Saturday, February 9, 2013

Albert



I did not predict the rolls of fur we brought home that summer would turn into a junkyard dog.  Holding him, eying his Rottweiler mom, I tried to mentally blur an adult Shar Pei with her massive chest and flat head.  The best I could come up with was something between a rhino and a gerbil.  Mama-dog lumped along gamely while humans scooped up her surprise pups, and I wondered if she knew we were a much better alternative to the pound.  At least, I hoped we were.  We had our own surprise pup, then nine months old, and a fairly embryonic vision of our family life.  I half pleaded with Paul, taken by the rolls of cuteness and worry that the pup’s breeding wouldn’t garner many offers, and he conceded and mentioned training him up to be my guard dog while he was on deployment. 
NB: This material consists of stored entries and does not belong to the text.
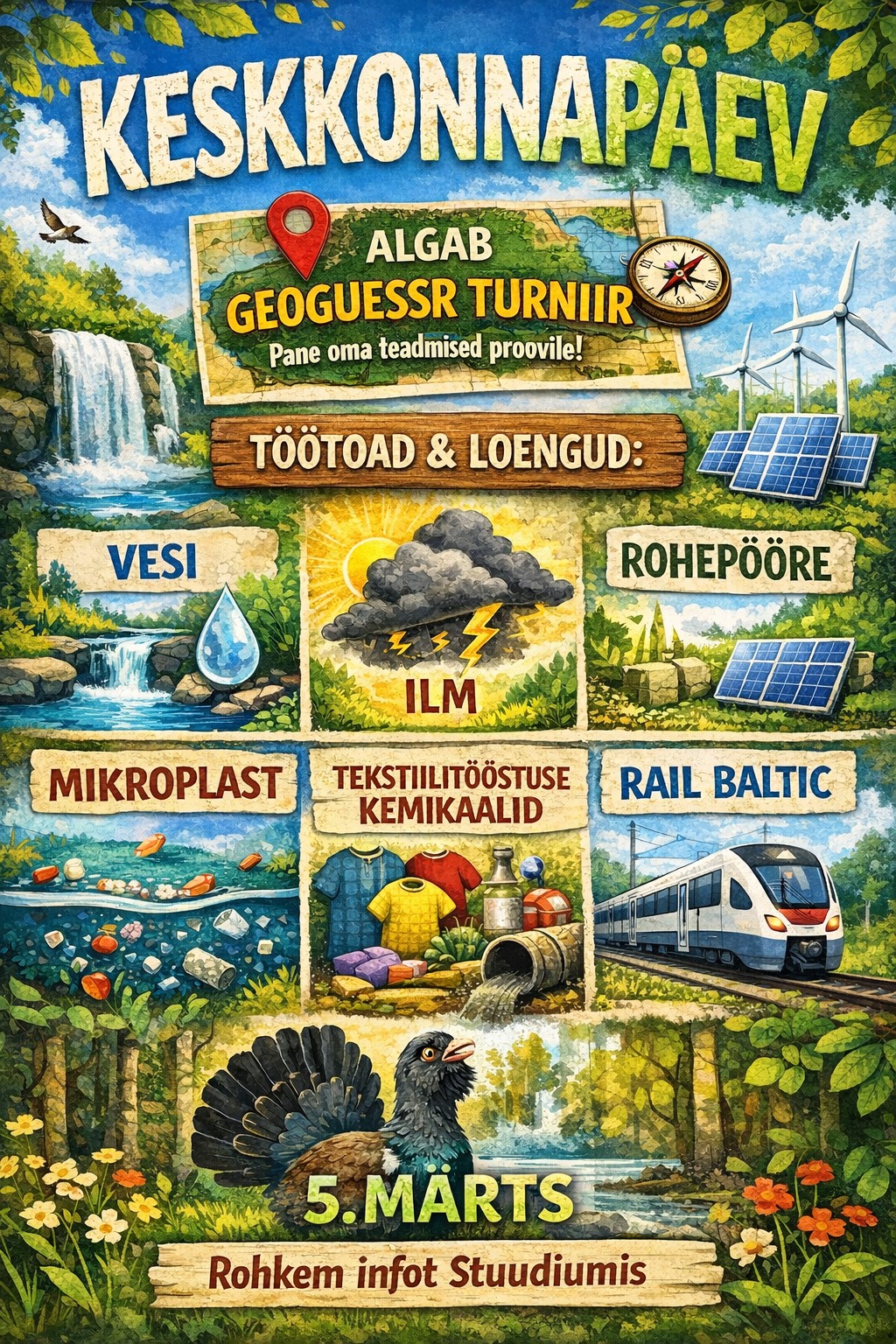Rail Baltica teemalises töötoas arutleti suurprojekti mõjust elukeskkonnale. Rõivatööstuse ja kemikaalide keskkonnamõjudest rääkis Merliin Laos, suunates noori mõtlema teadlikumatele tarbimisvalikutele. TalTechi töötoas „Füüsika ja rohepööre“ arutleti teaduse ja tehnoloogia rolli üle kliimamuutuste leevendamisel Raavo Josepsoni juhendamisel ning Tallinna Ülikooli professor Jaanus Terasmaa rääkis vee tähtsusest ja selle kestlikust kasutamisest.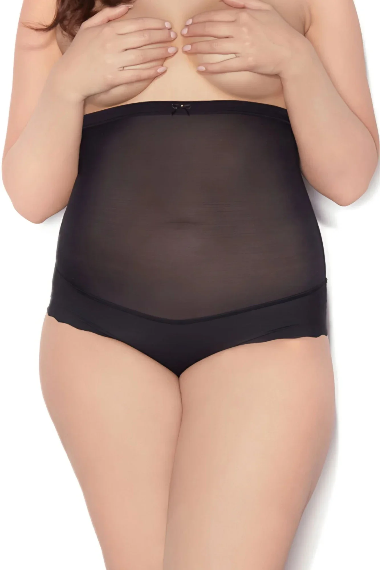 Dámská stahovací tanga Glam string black MITEX - černá barva - s vysokým pasem - tvarují břicho, pas a linii boků - pas se silikonem - přední část zdobená mašličkou se zlatou perličkou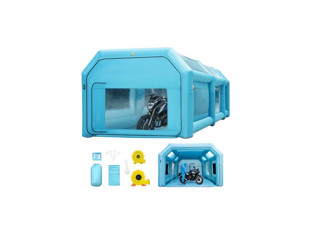 Přenosná nafukovací lakovací kabina VEVOR, nafukovací stříkací kabina 20 x 10 x 8,2 stop, stan pro lakování automobilů se systémem vzduchového filtru a 2 foukači, vylepšený stan s nafukovacím stříkacím boxem, pracovní stanice pro automatické lakování, garáž pro motocyklyVelký Oxford Paint Booo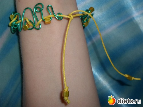 Всё вместе. Концы шнура для подвсеки не обработаны пока, но на них тоже будут висеть золотые бусины.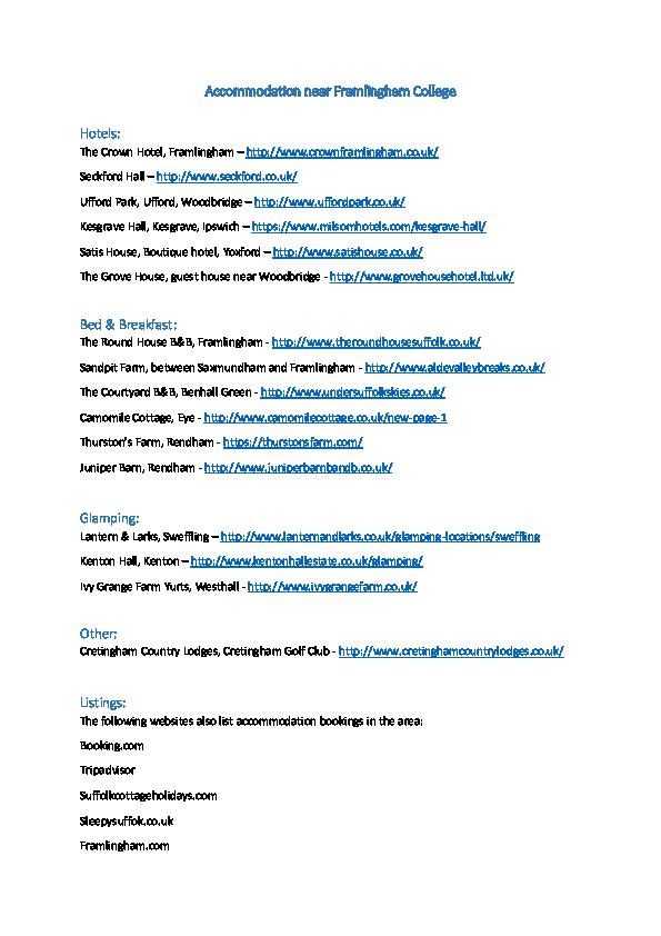 Accommodation near Framlingham College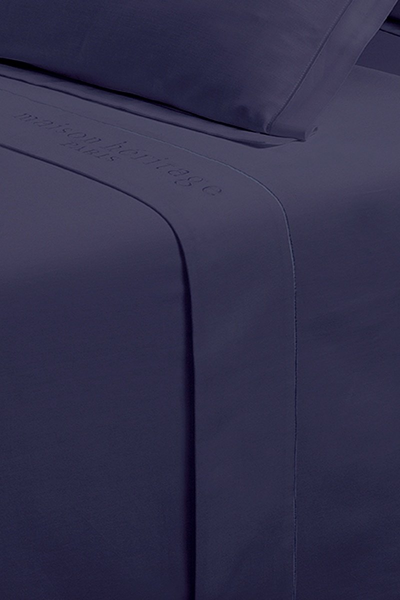 Drap plat en satin de coton 80 fils/cm² Uni - Bleu marine

Albert, or “Fat Albert”, “Albert Einstein”, “Albus”, “Albie” or “Asshole”, grew in sync with my marriage, my babies and my heart.  I tried many times to figure him out as he growled and embarrassed one minute, then cuddled protectively around one of my kids the next.  He never got the hang of being around other dogs in public, spectacularly breaking my nose one night as I stooped to reengage his “training” collar while he strained toward a barking mutt across the street.  I figured out late in his life that he’d taken Paul’s missive to heart somehow, and was only able to relax when I was 100% in charge and staying calm, or when he was far from “his” property, off leash.  As soon as the leash came out, he was hell bent to show all of those other dogs and people that his mama was protected.  I am so grateful that nothing worse than some intimidated people sprang up from his bad habits.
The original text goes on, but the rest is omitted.